• **WHAT IS REQUIRED**: Using the listing below, please print exactly the lines from the one with "해변을 따라 높이 서있는 고목의 송림들 중에 물구나무선 여인송도 있었다." through the one with "Facebookissa ihmeteltiin Prisman". Leave out every picture.

******************************

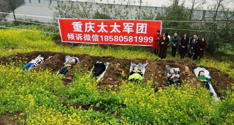 LifestyleԱռաջին հայացքից խմբակային թաղում հիշեցնող այս լուսանկարներն իրականում գերեզմանային մեդիտացիայի ընթացքից արված կադրեր են: Լքված ու բաժանված չինացի կանայք շաբաթը մեկ անգամ պառկում են նմանատիպ փոսերի մեջ, այդպիսով «թաղելով» իրենց հին կյանքն ու նախկին դժվարությունները:
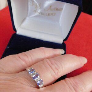 Ladies 10K White Gold Ring with Sapphires & Moissanite Stones
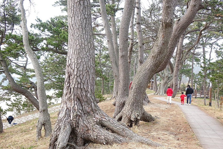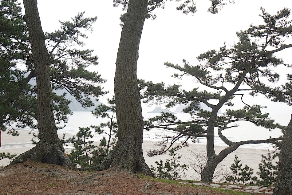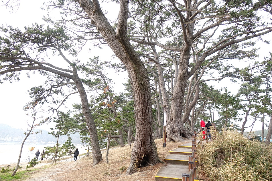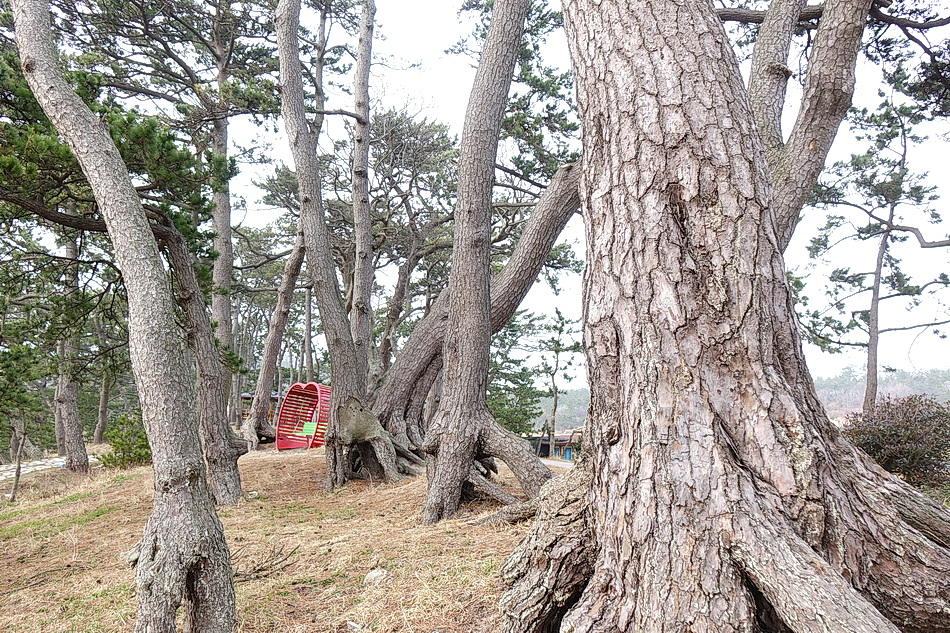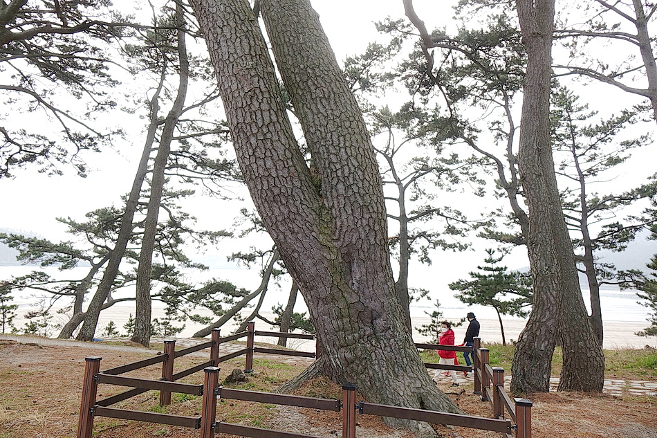해변을 따라 높이 서있는 고목의 송림들 중에 물구나무선 여인송도 있었다.
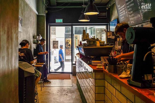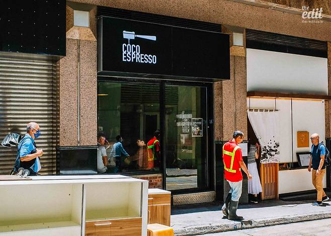 센트럴에 위치한 매장은 (홍콩에 8개의 매장이 있다) 커핑룸에서 1분 거리다. 현지인에게 인기가 많은 침차이키 식당을 지나서 한블럭 뒤편에 있다. 코코 에스프레소의 추천 커피는 에스프레소와 밀크커피. 이외에 바리스타의 추천으로 콜드 브루 커피를 함께 마셨다. 코코는 산미가 강하지 않고 안정적인 단맛을 베이스로 하는 이탈리아 에스프레소와 멜버른 스타일의 부드럽고 마일드한 밀크커피를 지향하고 있다. 산미가 강하지 않은 밀크커피가 현지에서 반응이 좋다. 콜드 브루의 경우 아이스 커피를 많이 마시는 (홍콩도 한국처럼 아이스 커피가 인기가 많다) 지역의 특징상 인기가 많다.
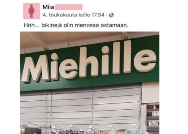Facebookissa ihmeteltiin Prisman uutta uima-asuosastoa, sillä miesten uimahousut olivat saaneet huomattavasti enemmän väriä ja söpöjä röyhelöitä. No kyllä jokainen tietää, että tässä oli mennyt naisten ja miestenosasto sekaisin, mutta kyllähän asia silti herätti hilpeitä reaktioita.
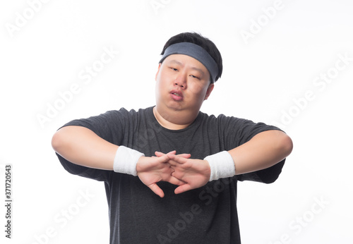 Young Asian funny fat sport man stretching before exercise isolated on white background.

******************************

• **REPLY**:
해변을 따라 높이 서있는 고목의 송림들 중에 물구나무선 여인송도 있었다.
 센트럴에 위치한 매장은 (홍콩에 8개의 매장이 있다) 커핑룸에서 1분 거리다. 현지인에게 인기가 많은 침차이키 식당을 지나서 한블럭 뒤편에 있다. 코코 에스프레소의 추천 커피는 에스프레소와 밀크커피. 이외에 바리스타의 추천으로 콜드 브루 커피를 함께 마셨다. 코코는 산미가 강하지 않고 안정적인 단맛을 베이스로 하는 이탈리아 에스프레소와 멜버른 스타일의 부드럽고 마일드한 밀크커피를 지향하고 있다. 산미가 강하지 않은 밀크커피가 현지에서 반응이 좋다. 콜드 브루의 경우 아이스 커피를 많이 마시는 (홍콩도 한국처럼 아이스 커피가 인기가 많다) 지역의 특징상 인기가 많다.
Facebookissa ihmeteltiin Prisman uutta uima-asuosastoa, sillä miesten uimahousut olivat saaneet huomattavasti enemmän väriä ja söpöjä röyhelöitä. No kyllä jokainen tietää, että tässä oli mennyt naisten ja miestenosasto sekaisin, mutta kyllähän asia silti herätti hilpeitä reaktioita.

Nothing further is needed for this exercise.